- [Data for analysis]:
-.-.-

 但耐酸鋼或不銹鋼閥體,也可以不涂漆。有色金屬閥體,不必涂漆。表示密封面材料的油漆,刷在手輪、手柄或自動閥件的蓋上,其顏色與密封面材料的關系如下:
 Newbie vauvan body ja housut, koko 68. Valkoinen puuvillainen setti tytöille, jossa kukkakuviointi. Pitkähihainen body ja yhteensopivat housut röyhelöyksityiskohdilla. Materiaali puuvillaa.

-.-.-

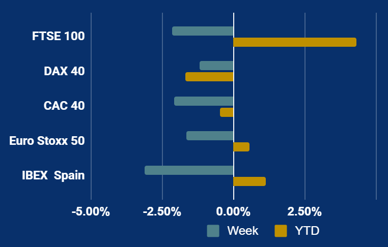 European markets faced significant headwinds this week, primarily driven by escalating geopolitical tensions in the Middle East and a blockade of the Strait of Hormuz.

-.-.-

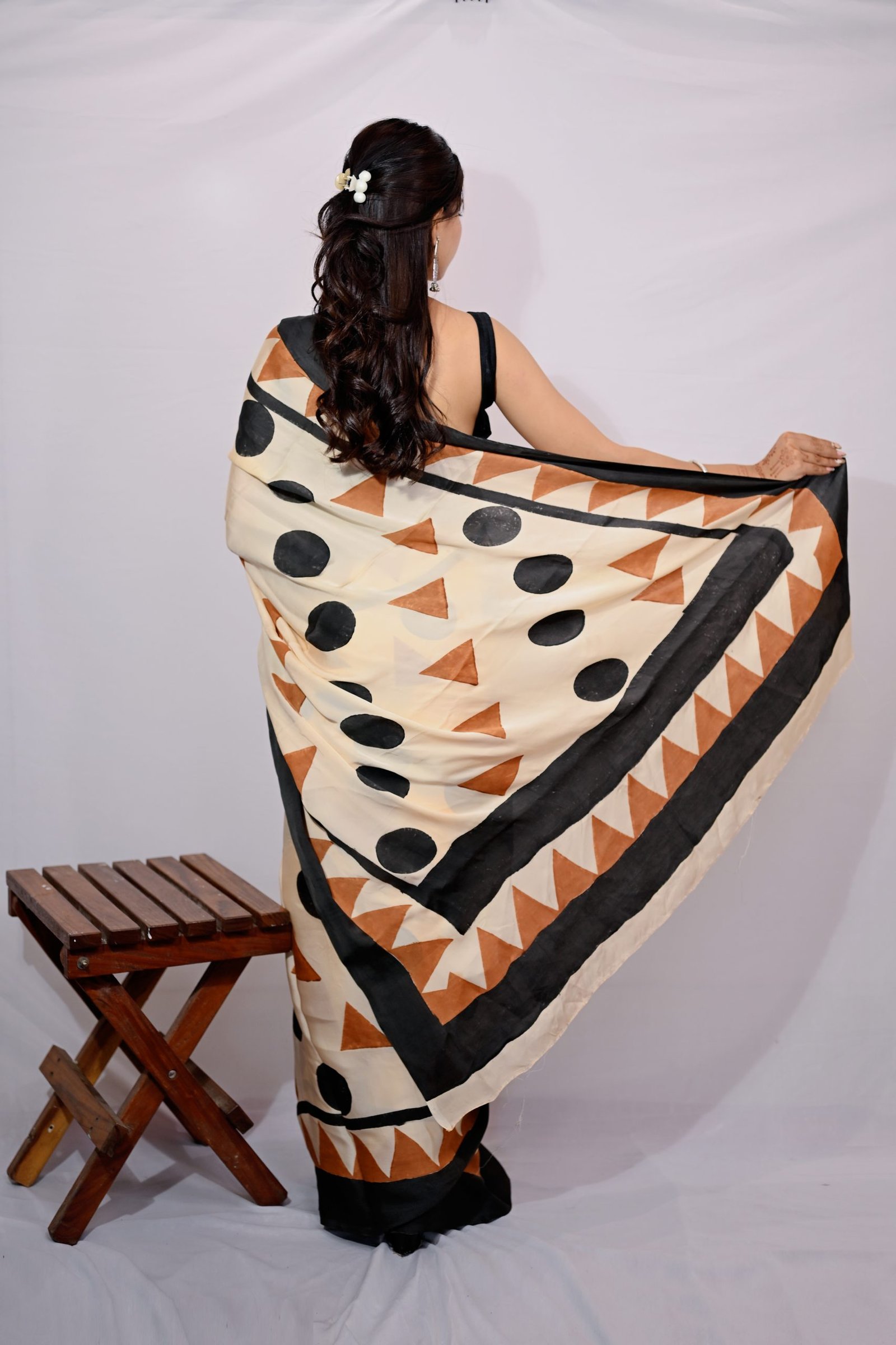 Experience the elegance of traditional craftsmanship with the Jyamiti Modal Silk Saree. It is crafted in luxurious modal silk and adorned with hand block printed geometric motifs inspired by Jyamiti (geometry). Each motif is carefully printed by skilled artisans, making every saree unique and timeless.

-.-.-

- [Work to be completed]: The expected output is exactly the lines of the listing above between the line holding "但耐酸鋼或不銹鋼閥體,也可以" and the line holding "Newbie vauvan body", inclusive.

- [Task result]:
 但耐酸鋼或不銹鋼閥體,也可以不涂漆。有色金屬閥體,不必涂漆。表示密封面材料的油漆,刷在手輪、手柄或自動閥件的蓋上,其顏色與密封面材料的關系如下:
 Newbie vauvan body ja housut, koko 68. Valkoinen puuvillainen setti tytöille, jossa kukkakuviointi. Pitkähihainen body ja yhteensopivat housut röyhelöyksityiskohdilla. Materiaali puuvillaa.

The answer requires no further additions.